EXERCISE DETAILS: Find "531日,学院院长张业鹏教授" in the material, then return exactly the line containing it and all lines after it to the end, leaving out pictures.

EXERCISE DATA:
• • • • •

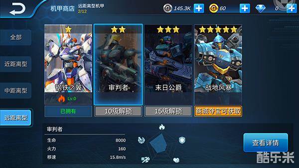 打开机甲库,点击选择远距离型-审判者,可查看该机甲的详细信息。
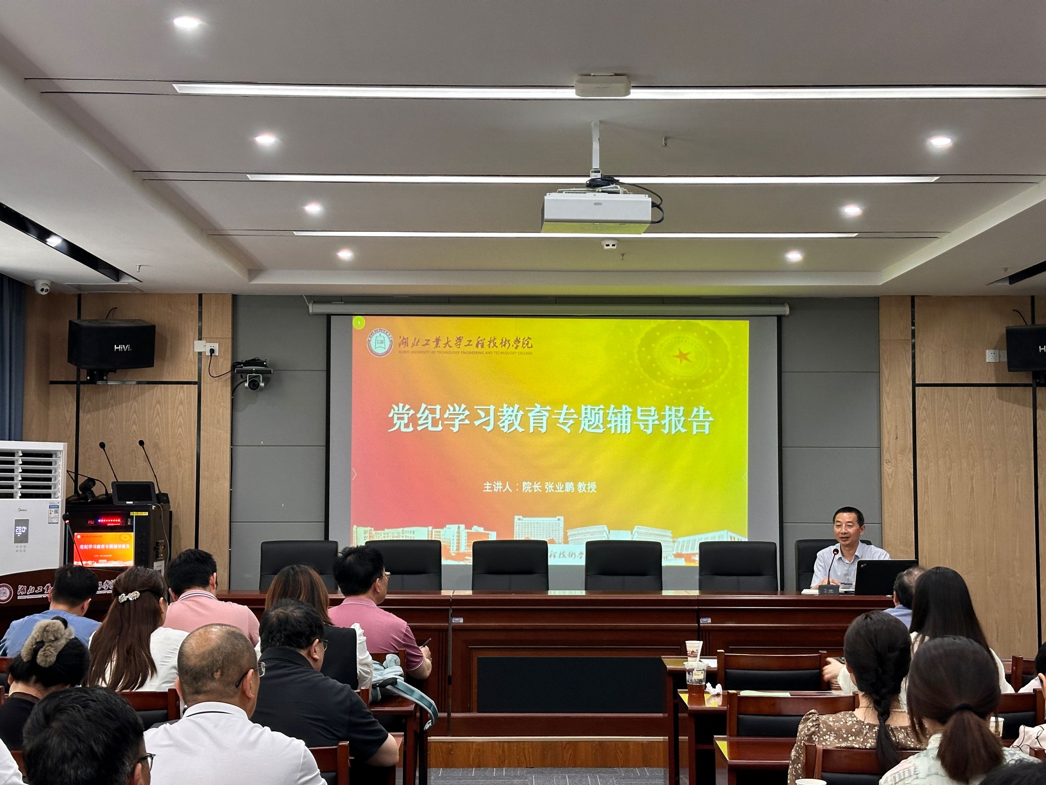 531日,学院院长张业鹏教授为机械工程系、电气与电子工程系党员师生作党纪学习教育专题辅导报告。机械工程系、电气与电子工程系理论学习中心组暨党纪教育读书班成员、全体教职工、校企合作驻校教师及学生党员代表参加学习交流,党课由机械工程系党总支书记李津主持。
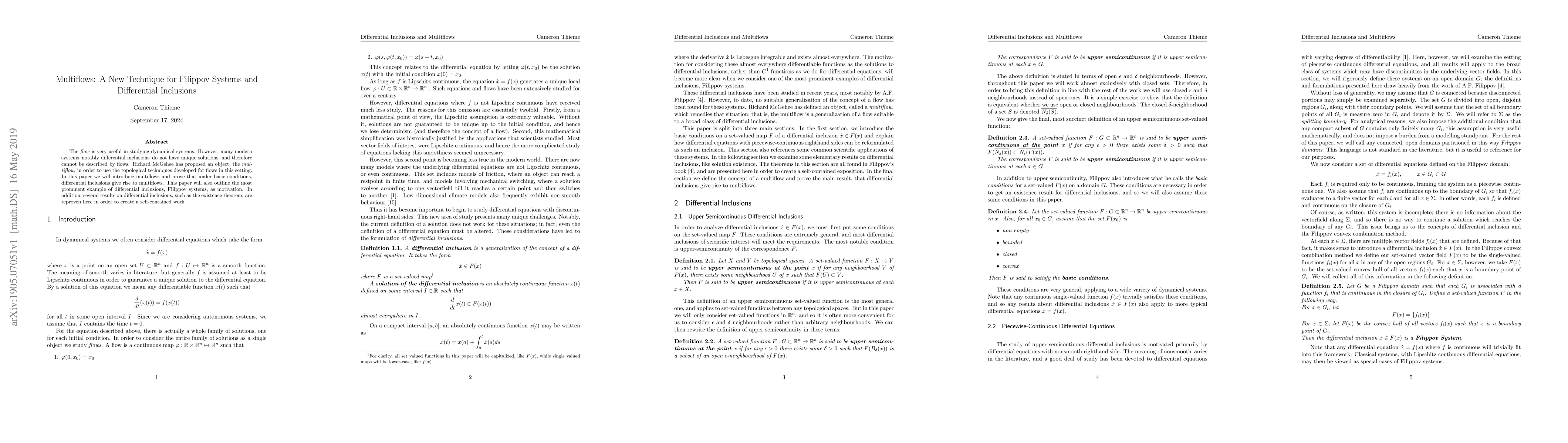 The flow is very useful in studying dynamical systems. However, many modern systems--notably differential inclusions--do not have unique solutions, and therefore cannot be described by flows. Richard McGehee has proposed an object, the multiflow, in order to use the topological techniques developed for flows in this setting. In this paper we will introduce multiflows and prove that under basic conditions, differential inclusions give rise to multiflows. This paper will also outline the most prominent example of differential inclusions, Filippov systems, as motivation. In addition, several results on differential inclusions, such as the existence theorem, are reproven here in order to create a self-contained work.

• • • • •

EXERCISE RESULT:
 531日,学院院长张业鹏教授为机械工程系、电气与电子工程系党员师生作党纪学习教育专题辅导报告。机械工程系、电气与电子工程系理论学习中心组暨党纪教育读书班成员、全体教职工、校企合作驻校教师及学生党员代表参加学习交流,党课由机械工程系党总支书记李津主持。
 The flow is very useful in studying dynamical systems. However, many modern systems--notably differential inclusions--do not have unique solutions, and therefore cannot be described by flows. Richard McGehee has proposed an object, the multiflow, in order to use the topological techniques developed for flows in this setting. In this paper we will introduce multiflows and prove that under basic conditions, differential inclusions give rise to multiflows. This paper will also outline the most prominent example of differential inclusions, Filippov systems, as motivation. In addition, several results on differential inclusions, such as the existence theorem, are reproven here in order to create a self-contained work.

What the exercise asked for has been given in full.